Ahora bien, ¿debería intentar usar un poco más de fuerza?
No era propio de ella tomar el camino fácil.
“Parece que te he complicado las cosas, así que déjame facilitarte un poco las cosas, cariño. Voy a descontar la cantidad total invertida por C&M del Gremio Baekho. El Gremio Baekho se encuentra en una situación en la que tiene que devolver todo ese dinero de golpe, incluso si eso significa quitarse y vender toda la armadura del Maestro Hwang Misoon, que le fue entregada a Yoojun. Veamos hasta dónde llega el Gremio Baekho, que está en una situación precaria, ocupando el segundo lugar en el país.

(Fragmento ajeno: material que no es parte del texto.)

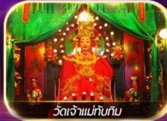
วัดเจ้าแม่ทับทิม

Ahora bien, incluso si hago esto, ¿todavía no se te ocurre cómo entrar al hotel?”
Unos ojos astutos, como los de una serpiente, sonrieron.
Fue entonces cuando sonó el teléfono móvil de Moon Heeyoung.
Heeyoung ignoró a Shim Jiyoon, quien la miraba con odio, y sacó su teléfono celular.
“Lo siento. Puede que sea un mensaje de texto de un ex amante.”
Sin embargo, el texto no pertenecía a la expareja.
junghyo
¿Nos vemos en el hotel?
Me pongo en contacto contigo primero porque siento que te vas a esforzar mucho por molestar a la gente que me rodea.